══ DATA FOR THIS EXERCISE ══

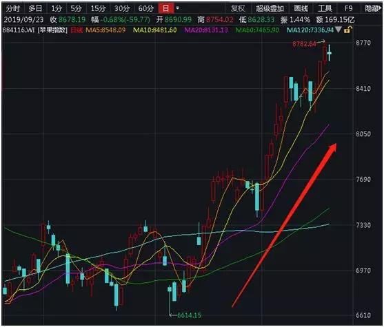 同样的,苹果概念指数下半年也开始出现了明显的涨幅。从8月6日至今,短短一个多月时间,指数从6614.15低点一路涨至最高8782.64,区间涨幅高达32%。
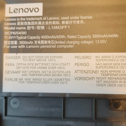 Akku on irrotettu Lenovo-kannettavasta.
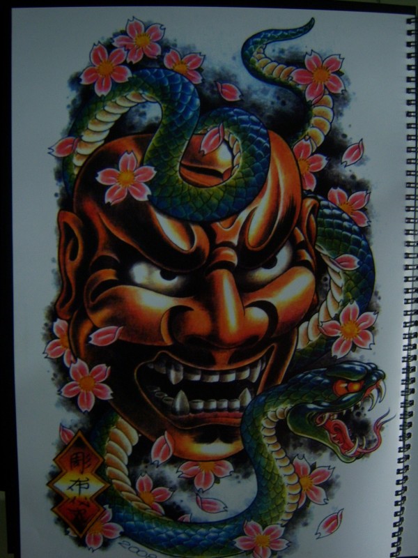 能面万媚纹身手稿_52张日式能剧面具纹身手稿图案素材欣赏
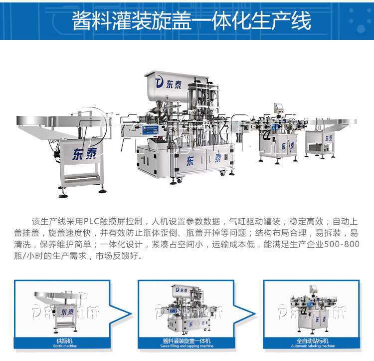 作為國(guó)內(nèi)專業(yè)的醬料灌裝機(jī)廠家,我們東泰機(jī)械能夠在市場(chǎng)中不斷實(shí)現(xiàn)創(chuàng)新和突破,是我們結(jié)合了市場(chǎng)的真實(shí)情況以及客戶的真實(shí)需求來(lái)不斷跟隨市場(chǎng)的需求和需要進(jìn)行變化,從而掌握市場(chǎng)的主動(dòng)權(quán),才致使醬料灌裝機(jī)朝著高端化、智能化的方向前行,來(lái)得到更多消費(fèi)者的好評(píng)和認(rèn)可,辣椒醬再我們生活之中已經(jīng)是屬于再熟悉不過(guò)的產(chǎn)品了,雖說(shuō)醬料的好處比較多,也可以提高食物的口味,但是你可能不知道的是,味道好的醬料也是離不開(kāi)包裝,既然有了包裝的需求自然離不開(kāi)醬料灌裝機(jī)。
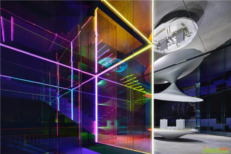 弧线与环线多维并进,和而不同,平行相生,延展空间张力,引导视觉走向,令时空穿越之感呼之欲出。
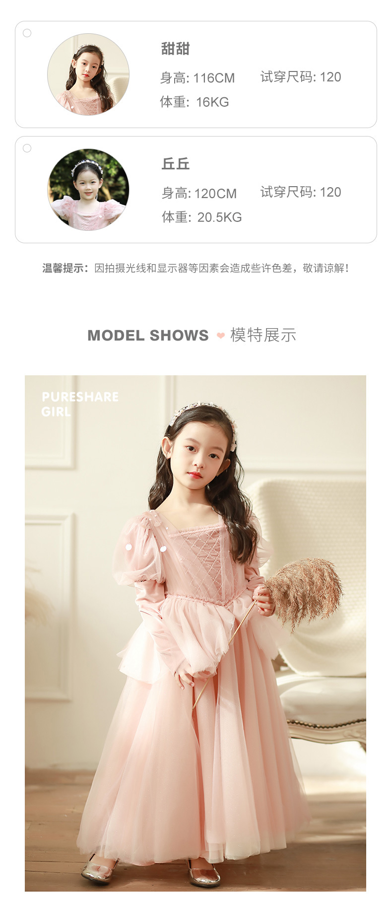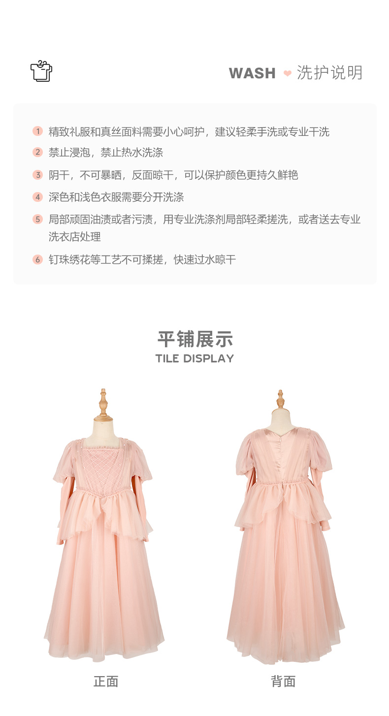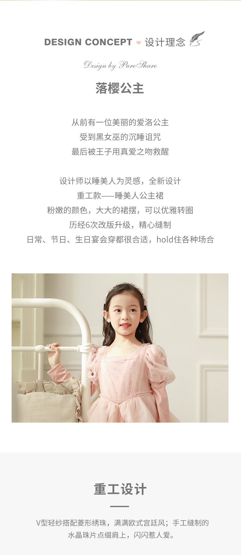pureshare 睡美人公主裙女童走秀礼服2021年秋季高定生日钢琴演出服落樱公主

═══

Type out all of the records exactly, leaving out any picture.

REPLY -
 同样的,苹果概念指数下半年也开始出现了明显的涨幅。从8月6日至今,短短一个多月时间,指数从6614.15低点一路涨至最高8782.64,区间涨幅高达32%。
 Akku on irrotettu Lenovo-kannettavasta.
 能面万媚纹身手稿_52张日式能剧面具纹身手稿图案素材欣赏
 作為國(guó)內(nèi)專業(yè)的醬料灌裝機(jī)廠家,我們東泰機(jī)械能夠在市場(chǎng)中不斷實(shí)現(xiàn)創(chuàng)新和突破,是我們結(jié)合了市場(chǎng)的真實(shí)情況以及客戶的真實(shí)需求來(lái)不斷跟隨市場(chǎng)的需求和需要進(jìn)行變化,從而掌握市場(chǎng)的主動(dòng)權(quán),才致使醬料灌裝機(jī)朝著高端化、智能化的方向前行,來(lái)得到更多消費(fèi)者的好評(píng)和認(rèn)可,辣椒醬再我們生活之中已經(jīng)是屬于再熟悉不過(guò)的產(chǎn)品了,雖說(shuō)醬料的好處比較多,也可以提高食物的口味,但是你可能不知道的是,味道好的醬料也是離不開(kāi)包裝,既然有了包裝的需求自然離不開(kāi)醬料灌裝機(jī)。
 弧线与环线多维并进,和而不同,平行相生,延展空间张力,引导视觉走向,令时空穿越之感呼之欲出。
pureshare 睡美人公主裙女童走秀礼服2021年秋季高定生日钢琴演出服落樱公主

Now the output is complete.